00:12:23.000Part of that process was when I got old enough This is before I even became a Christian.
00:12:29.000I got old enough to find a little trouble in Los Angeles and my mother shipped me out and got on a Greyhound bus for three days and went from Los Angeles, California to Beaufort, South Carolina and lived for about a year with her oldest brother.
00:12:45.000Who was a retired drill instructor in the Marine Corps.
00:12:48.000He had done 22 years in the Marines, two tours in Vietnam, his first time having a man in the house, and it was a life-altering experience.
00:13:02.000He was self-reliant, you know, taught me how to hunt and fish and, you know, everything else, and taught me how to train a dog, you know, those sorts of things.
00:13:11.000And that, you know, had a great deal to do with it as well.
00:13:14.000So, let's talk about that for a moment, because, you know, obviously we now live in a society that really disparages the value of fathers.
00:13:21.000I mean, the basic idea is that any family formation unit is totally equivalent, that you don't need a mother, you don't need a father, two fathers might do it, two mothers might do it, seven people might do it, a society might do it.

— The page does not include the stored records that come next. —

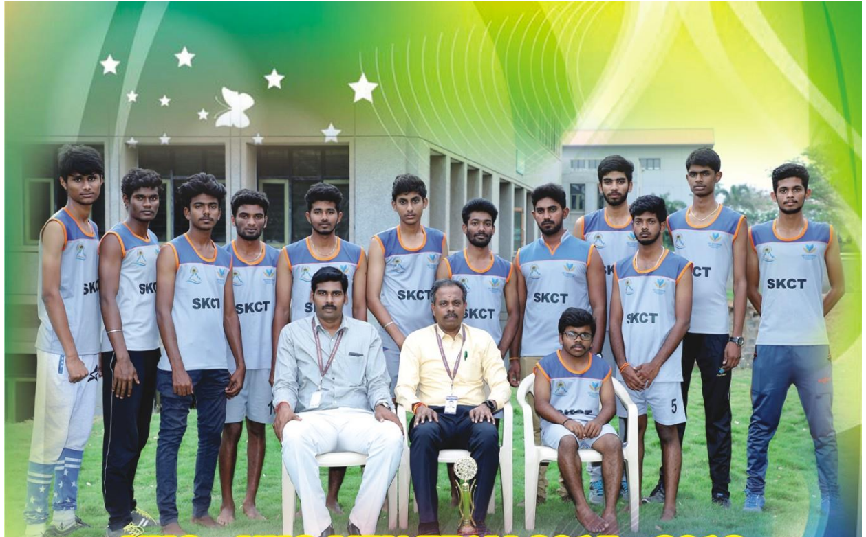
KHO - KHO MEN TEAM 2017 - 2018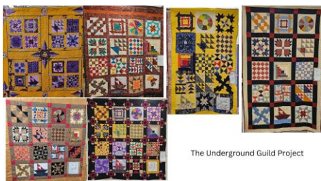
The Underground Guild Project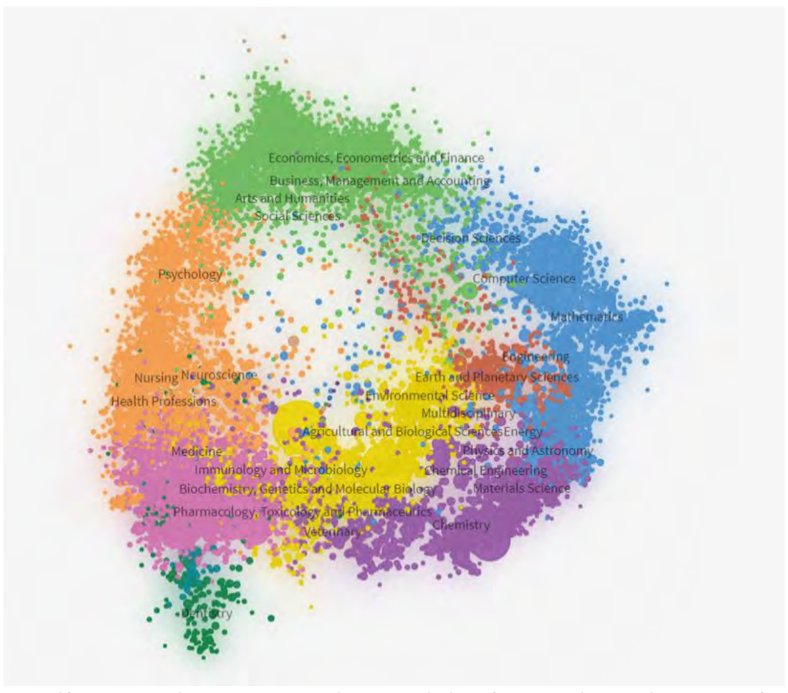
Figure A1: Indexed articles in the Web of Science database by authors in the Global North clustered by subject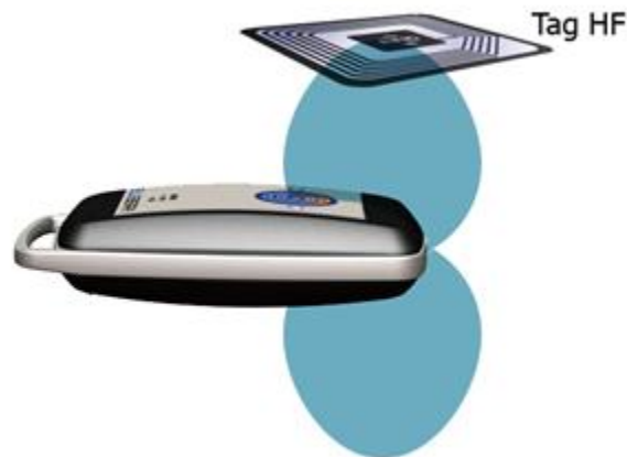
Figure 2 – Scanfob® NFC-BB2e Read Field

Optimal conditions for reading are to position the antenna end of the reader directly above or below the NFC tag. See Fig. 2 below.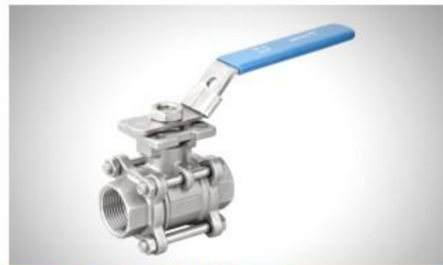
3PC Threaded Ball Valve With ISO5211 Mounting Pad Size:1/2"-4" Material:SS304/SS316/WCB Pressure:PN63 Dimension Standard:DIN3202-M3 Threaded Standard:BSP/DIN259/DIN2999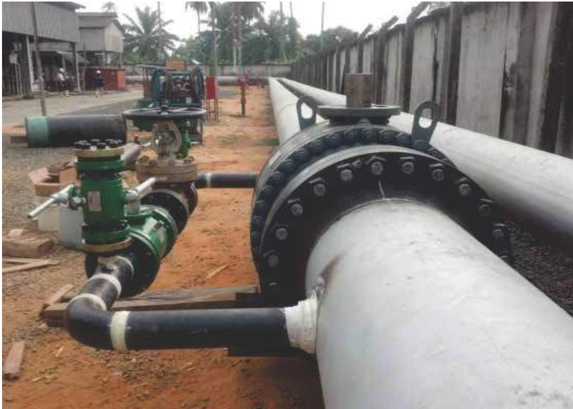
Installed Fabricated by-pass line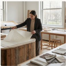
Spiritual Identity & Reconstruction

At a certain point, success stops feeling like freedom. This talk explores why this isn't a loss of capacity, but a loss of tolerance—and what it reveals about carrying too much for too long.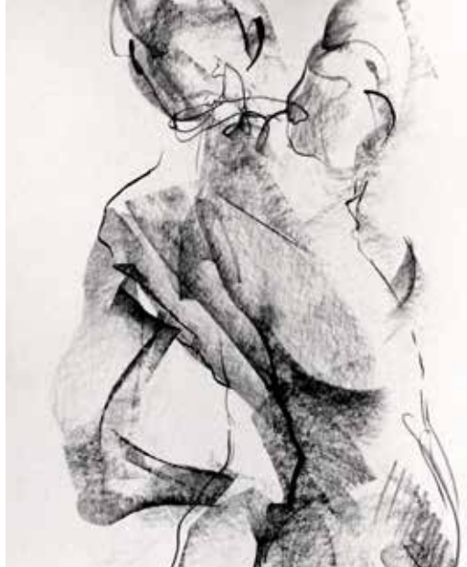
Michael Herron Figure Drawing (detail)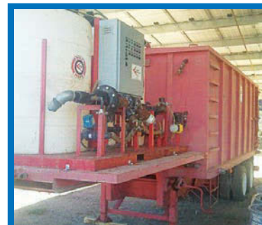
Flo Trend dewatering box mounted on a dumping trailer. 2003 Model 04-40-C WS-TM. 30-yd. box, comes with chemical feed injection system. Used less than 6 months. Perfect for onsite dewatering. Located in Phoenix, AZ ..... $29,500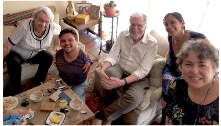
ICA Chile colleagues at their weekly meeting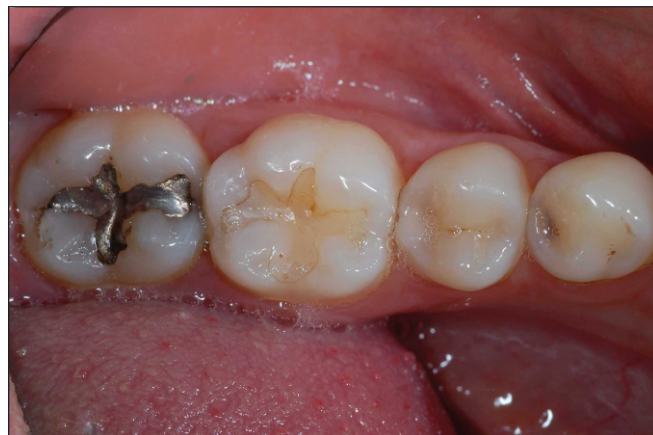
Figure 1. Pre-operative view of teeth #18-21 showing defective restorations and carious lesions.

At this point, sectional matrixes were placed on the remaining proximal surfaces still in need of restoration. Gingival adaptation was secured with wooden wedges (Figure 9). The restoration of teeth #20 and #21 was performed using the same materials adopted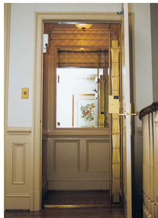
Special touches make each Elevette one-of-a-kind.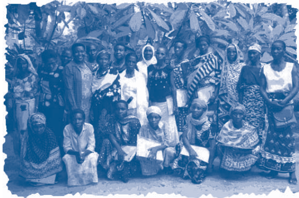
TWCWC group picture of women in Toangoma Ward.

There is no ‘legal aid’ in Tanzania. Support of any kind is nominal. MATCH and our partner, the TWCWC (Tanzanian Women and Children Welfare Centre), are working to increase women’s access to legal literacy training, free legal aid service, and legal counseling.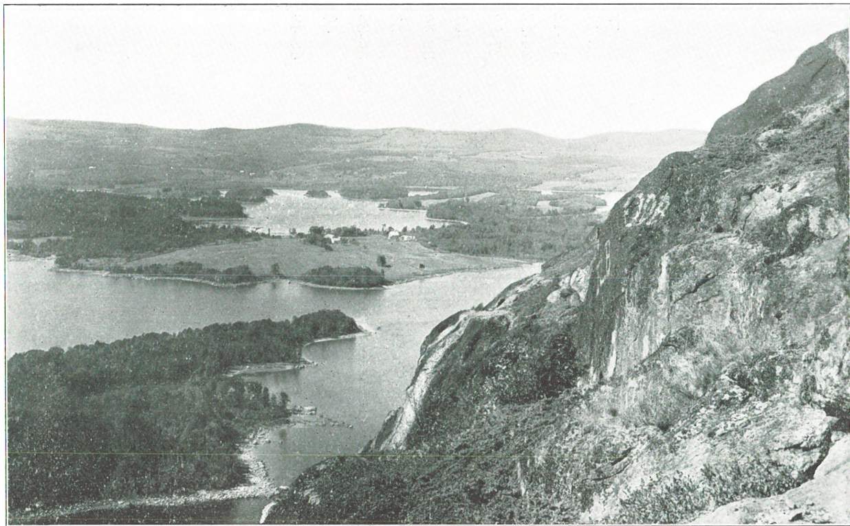
A GLIMPSE OF LAKE MEGUNTICOOK, NEAR CAMDEN, MAINE.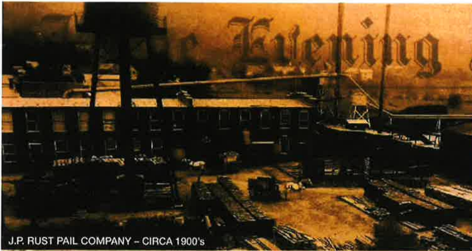
J.P. RUST PAIL COMPANY – CIRCA 1900's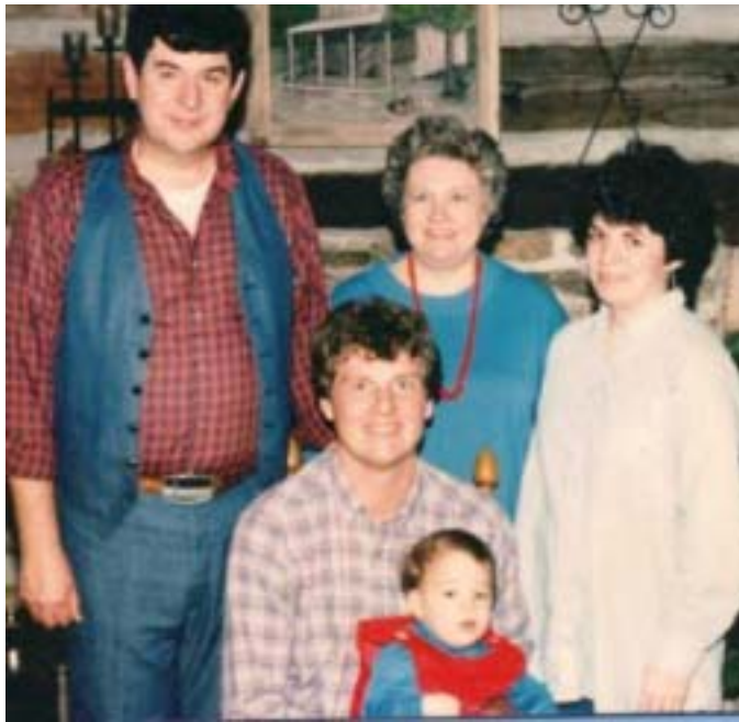
PROUD PARENTS AND GRANDPARENTS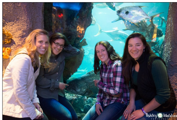
Young Professionals at Denver Aquarium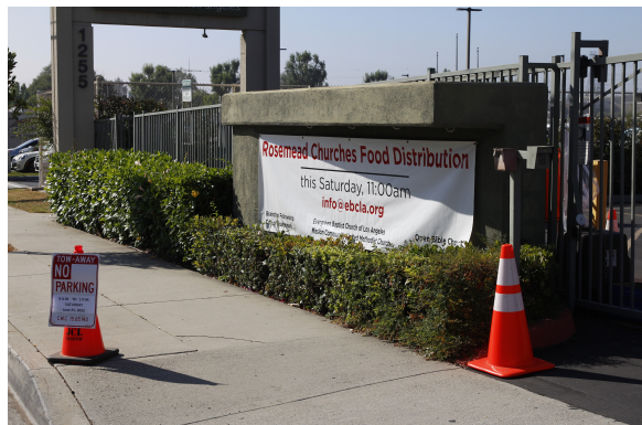
Welcome to EBCLA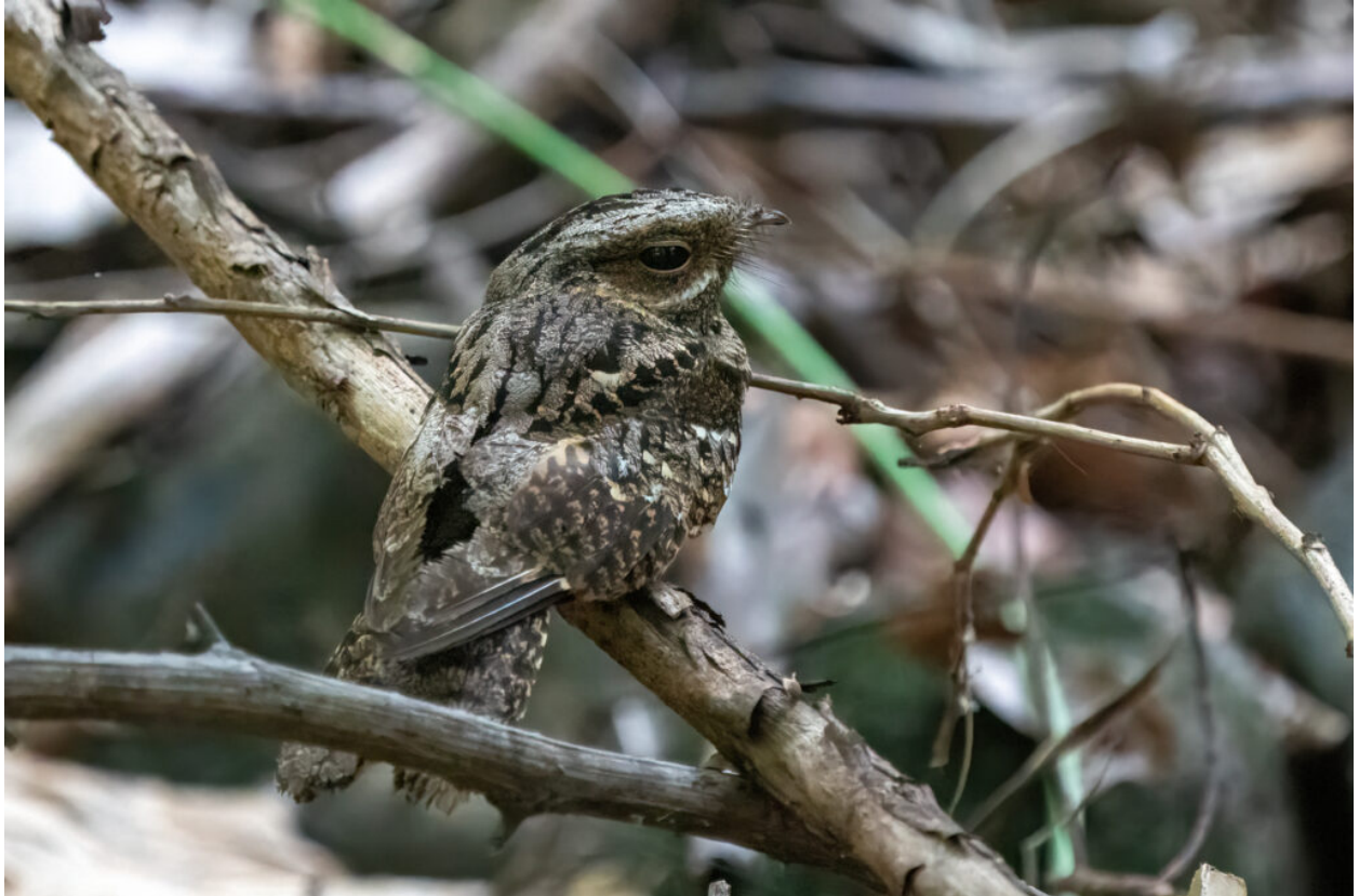
Timor Nightjar on Wetar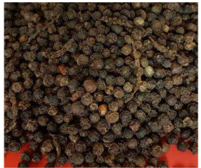
Black Pepper 550g/l FAQ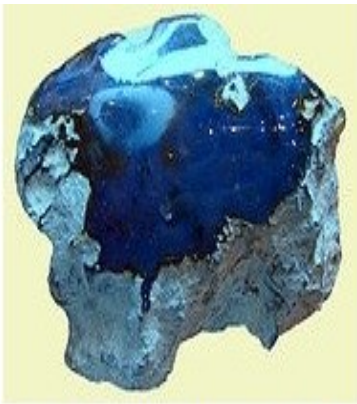
Blue amber from the Dominican Republic

Amber has a heterogeneous (nonuniform) composition consisting of plant resins associated with bituminous (sticky, black, and highly viscous liquids or semi-solid forms of petroleum) substances. Most amber has a Mohs hardness between 2.0 and 2.5 making it about as soft as gypsum but not as hard as calcite. Amber has a specific gravity between 1.06 and 1.10 and a melting point of 482–572 °F. It occurs in a variety of colors. In addition to the usual yellow-orange-brown that we associate with the color “amber”, the stone can range from a whitish color to a pale lemon yellow, to brown and almost black. Other uncommon colors include red amber (sometimes called "cherry amber"), green amber, and the rare and highly sought after blue amber of the Dominican Republic.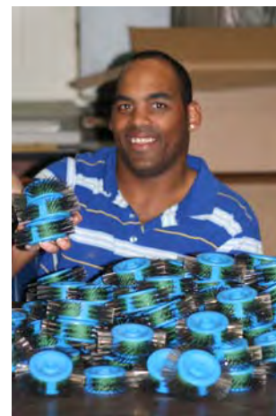
Making specialty brushes helps foster skills.

With our expanded and strengthen programs, we have experienced steady growth as the community and its businesses have seen the economic value of our services. As a result, we are having to continue with a strategic expansion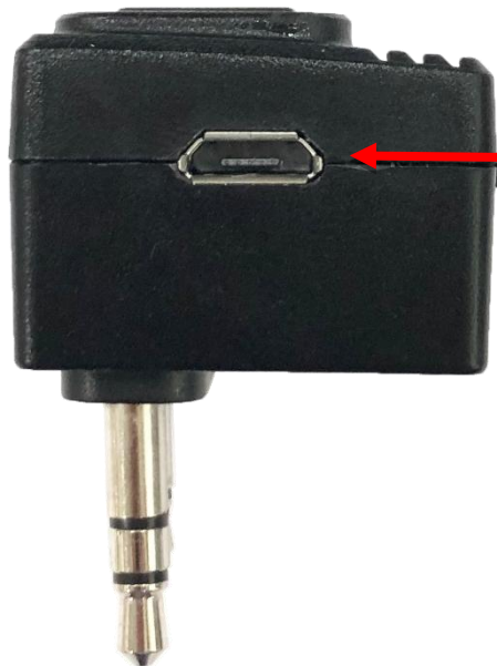
Micro USB Charging

00:13:32.000But what the studies tend to show is that the best outcome, particularly for young men, is if they have a father in the home, and if they don't have a father in the home, then a surrogate father nearby.
00:13:42.000And why do you think society has moved so far so fast away from this when it's so obvious?
00:13:47.000I mean, it is perfectly obvious that the effect of not having male figures around is devastating for young men.
00:13:54.000Because we're more moved by and committed to ideologies and narratives than we are to truth.
00:14:04.000Especially when you start talking about, you know, social justice movement, critical theory.
00:14:09.000You know, when you have as a foundational idea that People who are appealing to absolute truth are part of, you know, this oppressive hegemonic power.
00:14:26.000But then when you also have this powerful narrative that men are unsafe, that the patriarchy is inherently oppressive.
00:14:35.000Then that tends to override any evidence to the contrary.
00:14:39.000So you talk about these studies that point to outcomes for young men, that just doesn't carry as much weight as the passionate feminist who sees the patriarchy as the root of all evils.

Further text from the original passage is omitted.